A recent analysis of global oil capacity by IHS Cambridge Energy Research Associates finds that overall petroleum supplies should grow though 2030, with no evidence of a peak of supply before then.

In the group’s report, The Future of Global Oil Supply: Understanding the Building Blocks, global oil productive capacity is expected to grow to as much as 115 million barrels per day (bbl/d) through that period from the current level of 92 million bbl/d – a 25% increase.

Post-2030 supply could struggle to meet demand, noted HIS in its research, but this would take the form of a decades-long “undulating plateau” rather than a sharp fall.

“There is more than an adequate inventory of physical resources available to increase supply to meet anticipated levels of demand through 2030,” said Peter Jackson, IHS CERA senior director. “It would be easy to interpret the market and oil price trends from 2003 through 2009 in isolation to support the belief that a peak in global supply has passed or is imminent. But this only illustrates that the market continues to act as the shock absorber of major volatility.”

He added that 60% of the more than 1,000 fields examined in detail for IHS CERA’s oil supply study were found to have production levels that were either steady or climbing. When taking into account the production of these fields, the global aggregate decline rate of all fields currently in production is estimated to be 4.5%, Jackson noted.

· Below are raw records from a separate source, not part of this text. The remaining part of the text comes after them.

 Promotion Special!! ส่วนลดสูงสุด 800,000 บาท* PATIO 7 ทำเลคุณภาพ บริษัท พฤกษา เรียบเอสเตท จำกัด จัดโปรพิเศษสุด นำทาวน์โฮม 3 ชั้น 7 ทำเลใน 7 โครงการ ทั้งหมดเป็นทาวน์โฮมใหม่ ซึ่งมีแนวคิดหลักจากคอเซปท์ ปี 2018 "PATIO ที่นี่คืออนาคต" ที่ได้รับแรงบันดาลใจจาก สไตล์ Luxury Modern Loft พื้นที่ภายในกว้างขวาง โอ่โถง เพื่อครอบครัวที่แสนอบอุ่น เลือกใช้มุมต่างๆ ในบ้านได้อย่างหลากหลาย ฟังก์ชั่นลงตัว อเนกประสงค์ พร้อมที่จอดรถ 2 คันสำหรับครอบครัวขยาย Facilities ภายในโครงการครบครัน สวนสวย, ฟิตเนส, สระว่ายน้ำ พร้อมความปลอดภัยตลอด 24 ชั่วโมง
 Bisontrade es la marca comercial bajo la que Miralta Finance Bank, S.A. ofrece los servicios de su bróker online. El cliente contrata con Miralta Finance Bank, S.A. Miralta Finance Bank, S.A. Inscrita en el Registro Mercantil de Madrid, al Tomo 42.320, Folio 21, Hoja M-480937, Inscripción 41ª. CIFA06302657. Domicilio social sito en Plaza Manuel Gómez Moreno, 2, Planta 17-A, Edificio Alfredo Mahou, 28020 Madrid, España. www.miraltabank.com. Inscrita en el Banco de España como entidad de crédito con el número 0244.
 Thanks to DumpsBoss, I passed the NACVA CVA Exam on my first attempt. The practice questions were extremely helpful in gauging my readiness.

“Supply evolution through 2030 is not a question of resource availability,” he added. “The crucial issue lies not below ground. It is the above-ground factors that will dictate the ultimate shape of the supply curve.”

One area of the world experiencing this oil supply jump is the U.S. According to the energy and commodity data firm Platts, U.S. crude oil production for 2009 is on target to have its biggest one-year jump since 1970, averaging 5.268 million bbl/d through October.

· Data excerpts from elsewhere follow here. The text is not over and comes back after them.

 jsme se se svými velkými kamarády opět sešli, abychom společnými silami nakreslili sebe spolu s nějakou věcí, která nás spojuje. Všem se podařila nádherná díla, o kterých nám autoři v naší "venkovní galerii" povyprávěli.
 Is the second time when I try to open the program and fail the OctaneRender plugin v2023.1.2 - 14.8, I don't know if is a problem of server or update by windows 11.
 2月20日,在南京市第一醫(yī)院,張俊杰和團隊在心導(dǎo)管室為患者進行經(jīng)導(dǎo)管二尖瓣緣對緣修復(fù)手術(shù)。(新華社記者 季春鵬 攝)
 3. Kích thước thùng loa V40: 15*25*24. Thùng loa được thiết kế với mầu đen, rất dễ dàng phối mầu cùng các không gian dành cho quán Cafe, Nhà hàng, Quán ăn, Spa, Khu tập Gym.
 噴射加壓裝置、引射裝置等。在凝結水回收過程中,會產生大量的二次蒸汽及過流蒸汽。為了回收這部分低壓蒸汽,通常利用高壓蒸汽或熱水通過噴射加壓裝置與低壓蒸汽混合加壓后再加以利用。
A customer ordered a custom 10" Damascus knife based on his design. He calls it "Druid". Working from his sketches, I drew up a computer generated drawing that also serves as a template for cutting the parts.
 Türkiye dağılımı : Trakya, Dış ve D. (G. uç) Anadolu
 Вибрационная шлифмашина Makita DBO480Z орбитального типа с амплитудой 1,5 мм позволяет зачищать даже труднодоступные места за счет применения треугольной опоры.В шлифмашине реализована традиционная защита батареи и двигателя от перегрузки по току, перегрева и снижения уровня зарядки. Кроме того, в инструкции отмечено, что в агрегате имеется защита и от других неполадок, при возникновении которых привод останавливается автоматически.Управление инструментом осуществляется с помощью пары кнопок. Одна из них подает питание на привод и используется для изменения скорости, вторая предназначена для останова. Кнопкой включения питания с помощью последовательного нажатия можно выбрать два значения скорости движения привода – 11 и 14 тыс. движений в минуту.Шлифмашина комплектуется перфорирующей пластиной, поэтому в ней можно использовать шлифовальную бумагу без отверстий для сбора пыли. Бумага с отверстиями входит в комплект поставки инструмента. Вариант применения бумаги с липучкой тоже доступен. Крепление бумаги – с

If that 5.268 million bbl/d figure holds through December, 2009 would show a 6.4% boost from the 4.95 million bbl/d average of 2008 and rank as the best U.S. oil production year since 2004, when output averaged 5.419 million bbl/d, according to Platts' analysis of data published by the U.S. Energy Information Administration (EIA).

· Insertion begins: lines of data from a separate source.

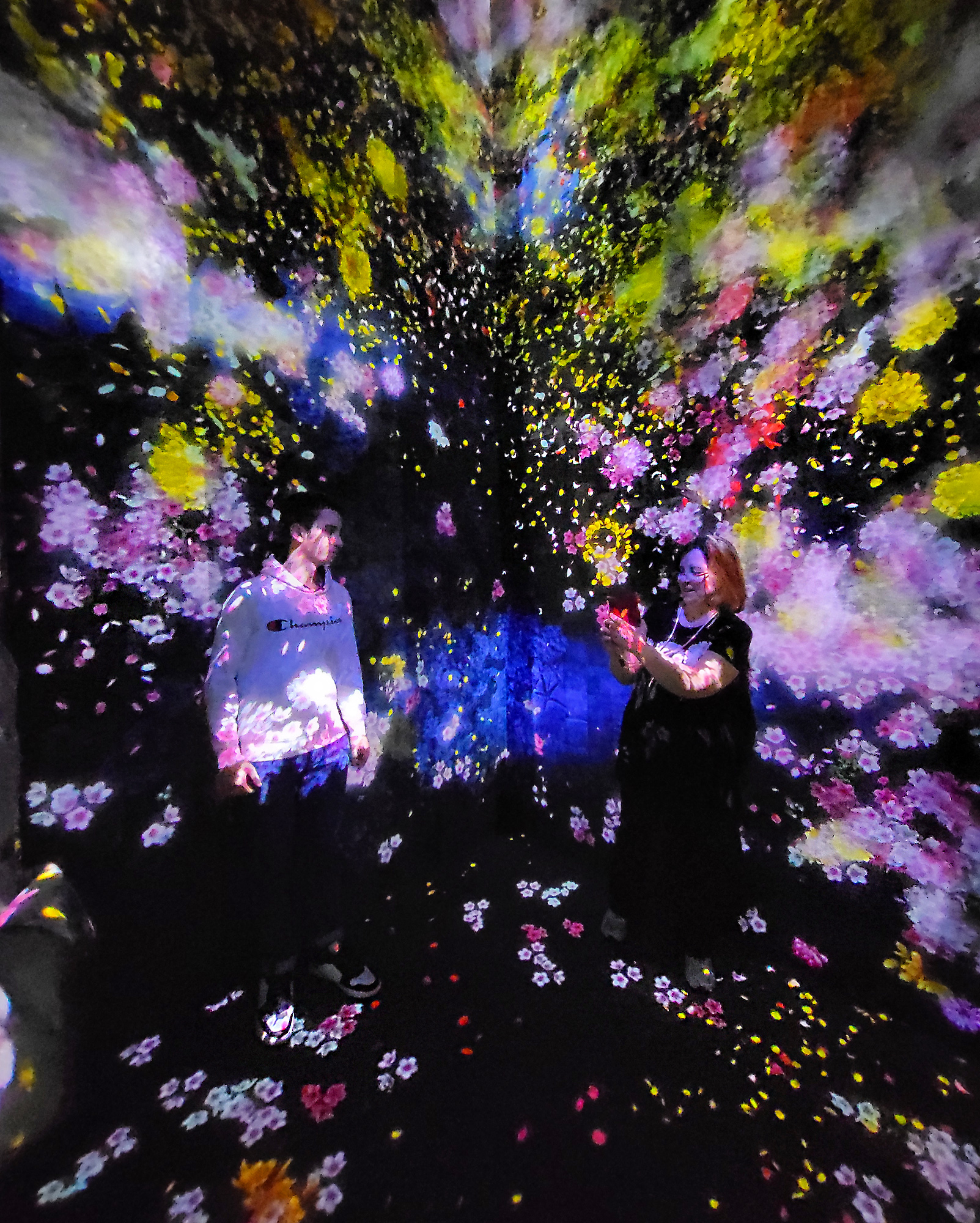 TeamLab Borderless – Flowers and People è il primo ambiente in cui ci si immerge entrando al museo.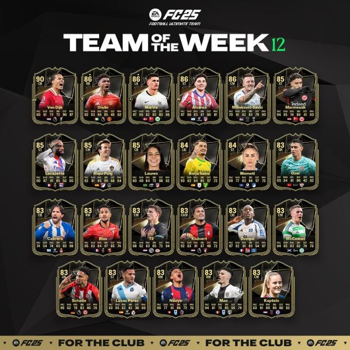 《FC25》刚刚上线了第12周的黑卡,范戴克领衔,阿马德-迪亚洛、小蜘蛛在列。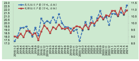一是影响供给事件频出,区域性生产受限为。今年二季度以来,内蒙等地为确保完成能耗双控目标,电解铝运行产能部分停产、新建产能暂缓投放;云南、广西等地电力供应紧张,其中云南电解铝生产用电降负荷比例一再提升,7月中下旬从20%增至30%,广西也限电省区新建能力投产计划再度延期;加之,河南暴雨迫使部分企业紧急断电停产,当地电解铝、氧化铝、铝加工及再生铝企业生产经营受到不同程度影响,以上区域性供给端受限导致全国累计减停产电解铝产能超过120万吨。截至7月末,全国电解铝运行产能在3860万吨/年左右,6月份,全国电解铝产量329万吨,较5月份的332万吨下降了0.9%,连续两个月回落。受北方煤炭及铝土矿供应以及河南暴雨影响,北方地区氧化铝生产受到影响,截至7月末,全国氧化铝运行产能7300万吨/年左右,6月份产量680万吨,较5月份的660万吨增长了3.2%。铝冶炼产品月度日均产量见图3。

Projections from the U.S. Minerals Management Service (MMS) indicate that the primary driver for this year’s U.S. oil production resurgence is the Gulf of Mexico, where operators have begun launching a group of new fields, fulfilling what has been a decade-long focus on unlocking the promise of deepwater exploration there, said Platts.

With the jump in the Gulf of Mexico, combined with the emergence of two other new oil-production trends, it appears the U.S. has a chance of at least maintaining oil output in the range of five million to six million bbl/d for some years to come, the firm said.

The Department of the Interior’s Minerals Management Service, for example, is proposing to lease 6,800 blocks covering more than 35.9-million acres of territory in the Gulf of Mexico off the coasts of Louisiana, Mississippi, and Alabama in March next year – an area that could result in production of up to 1.3 billion barrels of oil and 5.4 trillion cubic feet of natural gas.

“As we build a comprehensive energy strategy for our nation, we are moving ahead both with environmentally-responsible renewable energy development on public lands and appropriate oil and natural gas exploration and development onshore and offshore,” said Secretary of the Interior Ken Salazar. “Continued development in appropriate areas of the Outer Continental Shelf, such as in the areas we will offer in the Gulf of Mexico, is a key component of our efforts to reduce our country’s dependence on foreign oil.”

The peaking of global oil demand—rather than scale and deliverability of below-ground resources—could have a major impact on the flow of supply, according to IHS CERA’s analysis. “So much will happen between now and 2030 to affect demand, from changes in the automobile engine and the electric battery to changes in demographics and values,” Jackson added. “Peak demand may ultimately prove to be the main driver of long-term supply.”